As of August 1st, travelers coming to Hawaii will be exempt from the state’s mandatory 14-day quarantine if they first get tested for COVID-19 and are negative for the virus.
Updated June 26, 2020, 10:44am.
Gov. David Ige made the announcement standing in the check-in lobby of the Daniel K. Inouye International Airport, declaring that Hawaii was ready to once again start safely accepting larger numbers of travelers.
“Beginning August 1st, travelers who have a valid, negative COVID-19 test prior to arriving, will not be subject to the mandatory 14-day quarantine,” Ige announced, flanked by cabinet officials and private sector leaders.
To qualify, the test will have to be administered within 72 hours of flying to Hawaii. Tests will not be available upon arrival in the islands and any traveler without a valid, negative test will still be subject to the quarantine.
Arrivals will go through temperature checks; anyone running a fever will be offered a COVID test. The final details are still being worked out with more specifics expected, but the concept is based on a plan that has been successfully implemented by the state of Alaska.
Lt. Gov. Josh Green, a medical doctor, noted that current measures like mask wearing and contact tracing will need to continue in conjunction with traveler tests.
“This is not a silver bullet,” Green cautioned. “But it is another part of the multi-layered system the Department of Health has come up with.”
Both Ige and Green say they are confident the local healthcare system has ample capacity to accommodate the increase in new cases expected as the economy reopens. Ige said the state had spent the past weeks building up capacity and was confident that the local healthcare system would not be overwhelmed.
That sentiment was confirmed by state Health Director Bruce Anderson, who has often been the target of criticism by those wanting a more rapid expansion of testing and contact tracing.
“Our state is currently only using about 25% of available capacity for COVID-19 because illness rates have been so low,” Anderson said. “This means we are prepared should we see a surge in cases or a large outbreak.”
He added that the Health Department now has a reserve force of 200 trained contact tracers ready to be activated, with 300 more in training at the University of Hawaii. Recent analysis by NPR estimated that Hawaii needed 33 contact tracers to safely respond to potential outbreaks
State Senate President Ron Kouchi of Kauai affirmed the state is ready and cited the response to a recent outbreak on his island.

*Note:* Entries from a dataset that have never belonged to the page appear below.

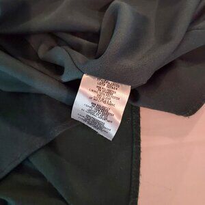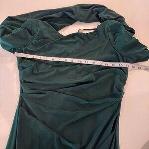 Size 10 Betsy & Adam Green Draped Back Cowl Neck Gown. 95% polyester 5% spandex. High boat neckline. Gown silhouette. Back zipper closure. V-back; draped detail off the sleeves and around back. Pit to pit 17”. Approximate length 60” Very good pre-owned condition.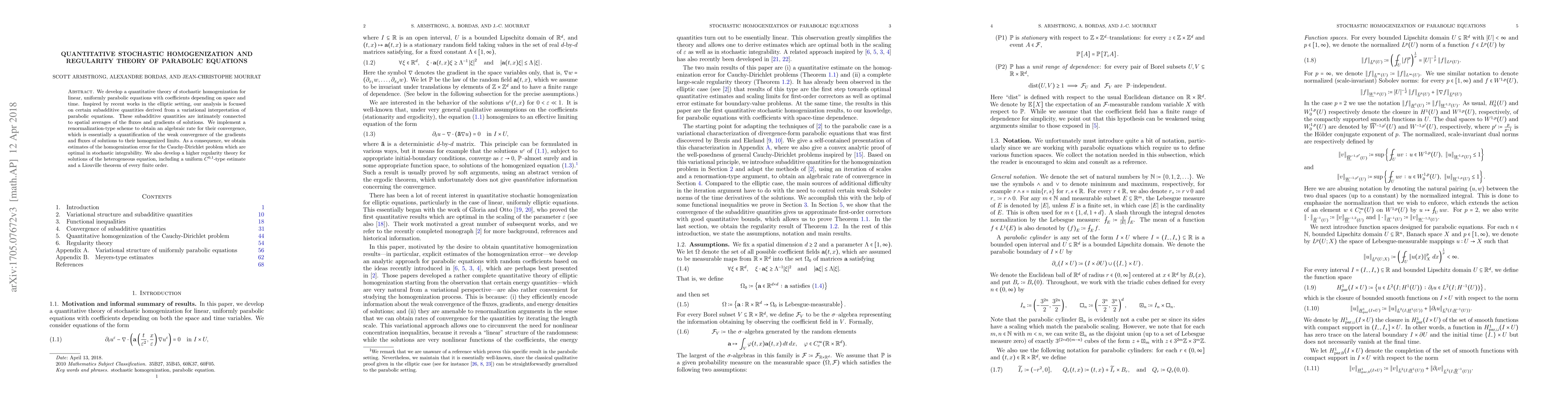 This paper develops a quantitative stochastic homogenization theory for linear, uniformly parabolic equations with space-time dependent coefficients, focusing on subadditive quantities linked to solution fluxes and gradients. The authors achieve an algebraic convergence rate and obtain optimal stochastic integrability error estimates for the Cauchy-Dirichlet problem, along with higher regularity results for solutions.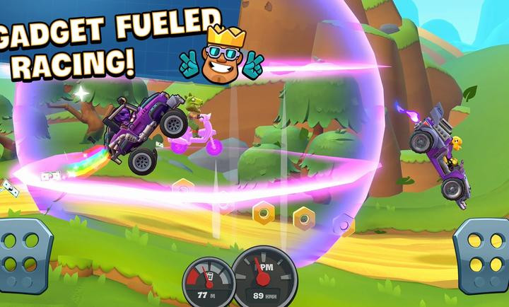 5、低门槛高上限玩法:操作仅需两个按键(油门/刹车),新手易上手;但高阶玩家可通过精准控速、空中姿态调整与道具时机把握实现技术碾压,兼具休闲与硬核属性。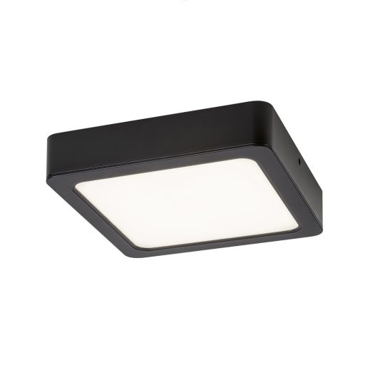 14,5cm széles, fekete színű műanyag keretes mennyezeti lámpa fehér színű műanyag búrával, 12W semleges fehér színhőmérsékletű LED fényforrással.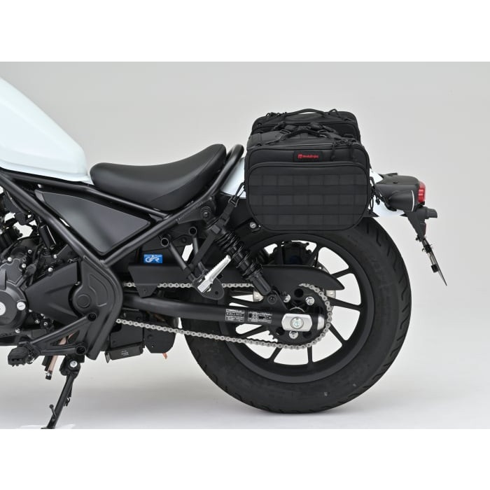サイドバッグサポート不要の振り分けサイドバッグ。車体にフィットするので、バッグが大きく張り出しません。新開発のサイドバッグ専用イージーリングベルトで、素早く確実に固定できます。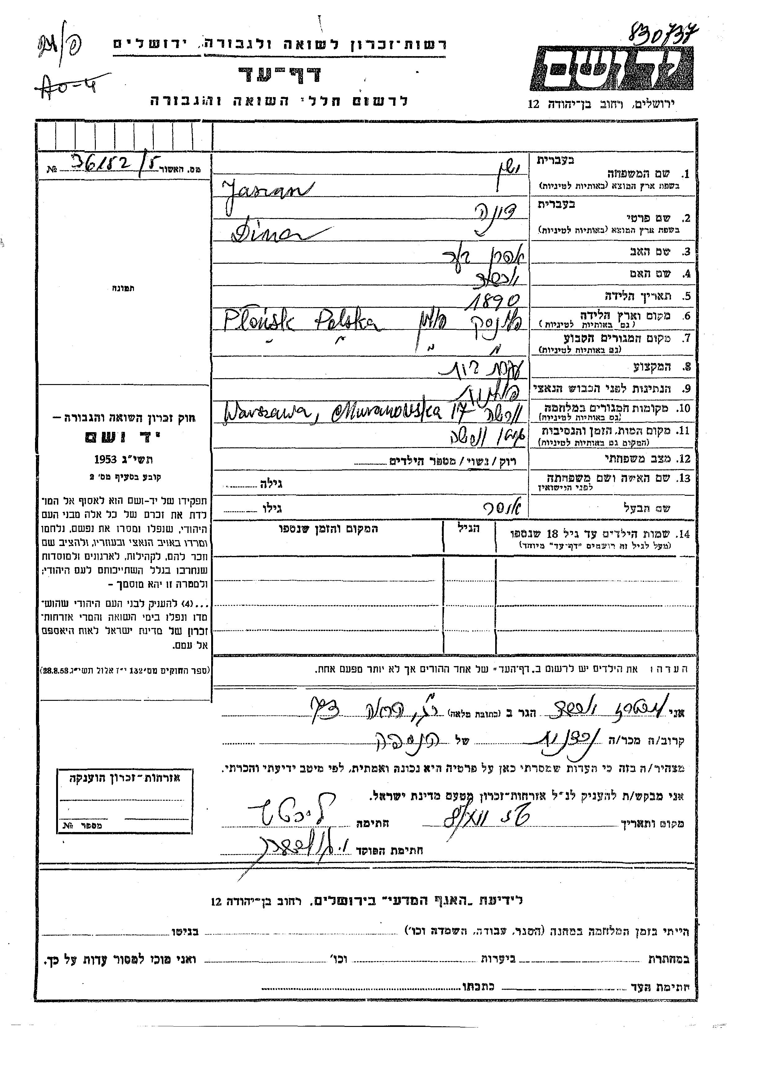 Jaszan Dina 1890 Plonsk, Pologne Feuille de témoignage
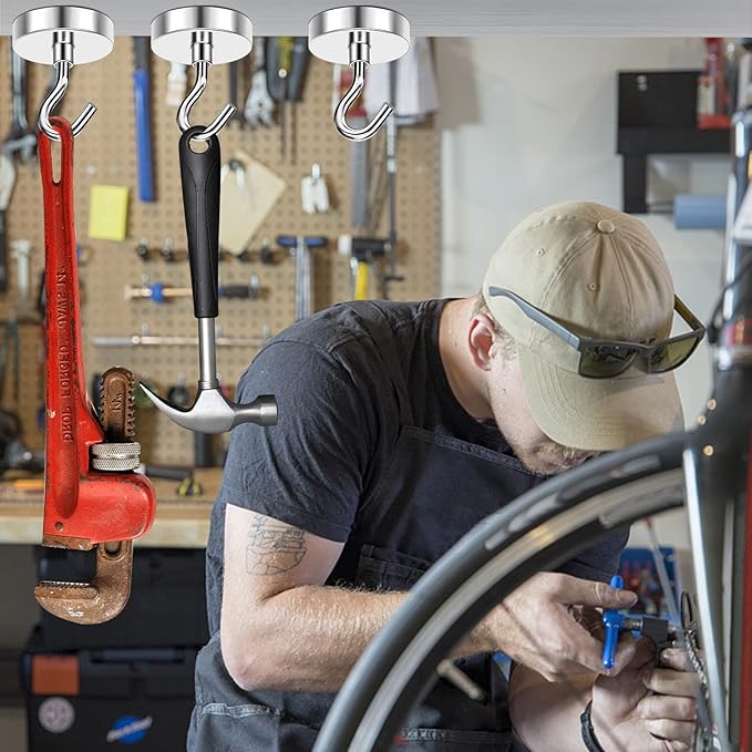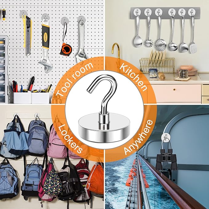 - 【Premium Magnetic Hooks】- Ni+Cu+Ni Triple Layer nickel coating greatly reinforces corrosion resistance. The best coating available, which provides a shiny and rust resistant coated steel cup provides protection for the heavy duty metal magnetic hooks and helps to prevent chipping or cracking, Safe to Use!

“Within a matter of days, the contact tracing had been completed, almost 100 tests had been administered to close contacts,” Kouchi said. “I am thrilled to say as of today there have been no new positives.” He added that he hoped the example would inspire confidence that the government was ready for reopening tourism.
However, at least one potential problem still remains. There has long been a question of whether the state could legally roll out a pre-travel testing program. The emergency declaration establishing the quarantine is currently being challenged in court.
Attorney General Claire Connors maintains that the state is on solid legal footing.
“There is nothing violative of anybody’s rights,” Connors noted. “This is, and has been, a set of policies that has consistently been applied to all travelers. We don’t believe we have violated any constitutional or other statues.”
However, that remains an open question. The conservative Center for American Liberty filed a lawsuit against Ige alleging the governor overstepped his authority in declaring the quarantine.
The federal Department of Justice, via U.S. Attorney for the District of Hawaii Kenji Price, recently filed a brief supporting the legal challenge. Connors said she wished Price would have worked with her office to address potential concerns before joining the lawsuit, but the state was now prepared to meet the Justice Department in court.
On Wednesday night, the federal judge overseeing the case threw out Justice Department's Statement of Interest, saying the filing amounted to an improper attempt to influence a legal argument to which the federal government is not a party. The case, Carmichael v. Ige, will still proceed.
A separate challenge, For Our Rights et al v. Ige, will not proceed after the plaintiffs voluntarily withdrew their complaint.
In response to the developments, the state Attorney General's office said in a statement that the emergency Proclamations were properly and lawfully issued, and the Department of the Attorney General will continue to whole-heartedly defend them.
Correction: A previous version of this story misspelled Senate President Ron Kouchi's name.